15

I am creating density plots with kde2d (MASS) on lat and lon data. I would like to know which points from the original data are within a specific contour.

I create 90% and 50% contours using two approaches. I want to know which points are within the 90% contour and which points are within the 50% contour. The points in the 90% contour will contain all of those within the 50% contour. The final step is to find the points within the 90% contour that are not within the 50% contour (I do not necessarily need help with this step).
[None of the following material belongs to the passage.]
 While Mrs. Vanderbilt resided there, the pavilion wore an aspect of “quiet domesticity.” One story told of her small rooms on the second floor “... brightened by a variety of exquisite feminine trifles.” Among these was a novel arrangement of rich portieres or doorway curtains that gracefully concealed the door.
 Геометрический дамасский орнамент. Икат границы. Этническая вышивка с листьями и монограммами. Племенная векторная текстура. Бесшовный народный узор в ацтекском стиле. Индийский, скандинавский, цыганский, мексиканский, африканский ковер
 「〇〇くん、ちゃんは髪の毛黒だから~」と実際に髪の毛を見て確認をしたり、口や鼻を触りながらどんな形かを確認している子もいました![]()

# bw = data of 2 cols (lat and lon) and 363 rows
# two versions to do this: 
# would ideally like to use the second version (with ggplot2)

# version 1 (without ggplot2) 
library(MASS)
x <- bw$lon
y <- bw$lat
dens <- kde2d(x, y, n=200)

# the contours to plot
prob <- c(0.9, 0.5)
dx <- diff(dens$x[1:2])
dy <- diff(dens$y[1:2])
sz <- sort(dens$z)
c1 <- cumsum(sz) * dx * dy 
levels <- sapply(prob, function(x) { 
    approx(c1, sz, xout = 1 - x)$y
})
plot(x,y)
contour(dens, levels=levels, labels=prob, add=T)
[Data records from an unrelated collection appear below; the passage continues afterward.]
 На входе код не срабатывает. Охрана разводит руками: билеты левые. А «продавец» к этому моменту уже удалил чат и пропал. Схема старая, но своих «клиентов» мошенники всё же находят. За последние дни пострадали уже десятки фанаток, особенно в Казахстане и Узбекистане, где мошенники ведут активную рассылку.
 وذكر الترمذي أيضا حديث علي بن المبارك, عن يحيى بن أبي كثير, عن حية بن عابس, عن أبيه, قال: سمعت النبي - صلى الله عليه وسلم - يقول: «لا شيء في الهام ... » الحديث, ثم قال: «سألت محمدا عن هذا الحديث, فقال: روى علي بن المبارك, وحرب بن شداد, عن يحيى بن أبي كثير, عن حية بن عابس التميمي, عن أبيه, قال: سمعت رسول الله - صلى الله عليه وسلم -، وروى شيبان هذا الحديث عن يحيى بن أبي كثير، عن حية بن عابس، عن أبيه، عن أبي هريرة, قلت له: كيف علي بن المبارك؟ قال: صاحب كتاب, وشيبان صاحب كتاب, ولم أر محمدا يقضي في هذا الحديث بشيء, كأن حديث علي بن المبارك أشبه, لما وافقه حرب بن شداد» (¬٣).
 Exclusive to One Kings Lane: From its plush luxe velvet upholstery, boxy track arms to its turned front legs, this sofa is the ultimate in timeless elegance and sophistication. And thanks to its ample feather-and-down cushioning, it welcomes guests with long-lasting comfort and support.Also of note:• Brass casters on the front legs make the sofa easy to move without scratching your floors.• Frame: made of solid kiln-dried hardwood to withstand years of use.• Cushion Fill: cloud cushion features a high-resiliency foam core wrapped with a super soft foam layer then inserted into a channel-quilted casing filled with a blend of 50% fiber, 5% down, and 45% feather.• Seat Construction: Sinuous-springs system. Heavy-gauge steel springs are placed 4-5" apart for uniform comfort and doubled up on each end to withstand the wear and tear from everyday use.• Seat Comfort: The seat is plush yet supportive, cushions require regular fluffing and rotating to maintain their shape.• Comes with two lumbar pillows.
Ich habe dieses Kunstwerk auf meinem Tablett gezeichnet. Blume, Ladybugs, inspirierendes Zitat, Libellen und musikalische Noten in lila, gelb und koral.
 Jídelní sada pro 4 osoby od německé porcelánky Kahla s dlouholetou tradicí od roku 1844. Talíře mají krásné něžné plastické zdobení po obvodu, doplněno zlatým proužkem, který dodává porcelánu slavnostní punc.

And here is version 2 - using ggplot2. I would ideally like to use this version to find the points within the 90% and 50% contours.

# version 2 (with ggplot2)
getLevel <- function(x,y,prob) { 
    kk <- MASS::kde2d(x,y)
    dx <- diff(kk$x[1:2])
    dy <- diff(kk$y[1:2])
    sz <- sort(kk$z)
    c1 <- cumsum(sz) * dx * dy
    approx(c1, sz, xout = 1 - prob)$y
}

# 90 and 50% contours
L90 <- getLevel(bw$lon, bw$lat, 0.9)
L50 <- getLevel(bw$lon, bw$lat, 0.5)

kk <- MASS::kde2d(bw$lon, bw$lat)
dimnames(kk$z) <- list(kk$x, kk$y)
dc <- melt(kk$z)

p <- ggplot(dc, aes(x=Var1, y=Var2)) + geom_tile(aes(fill=value)) 
+ geom_contour(aes(z=value), breaks=L90, colour="red")
+ geom_contour(aes(z=value), breaks=L50, color="yellow")
+ ggtitle("90 (red) and 50 (yellow) contours of BW")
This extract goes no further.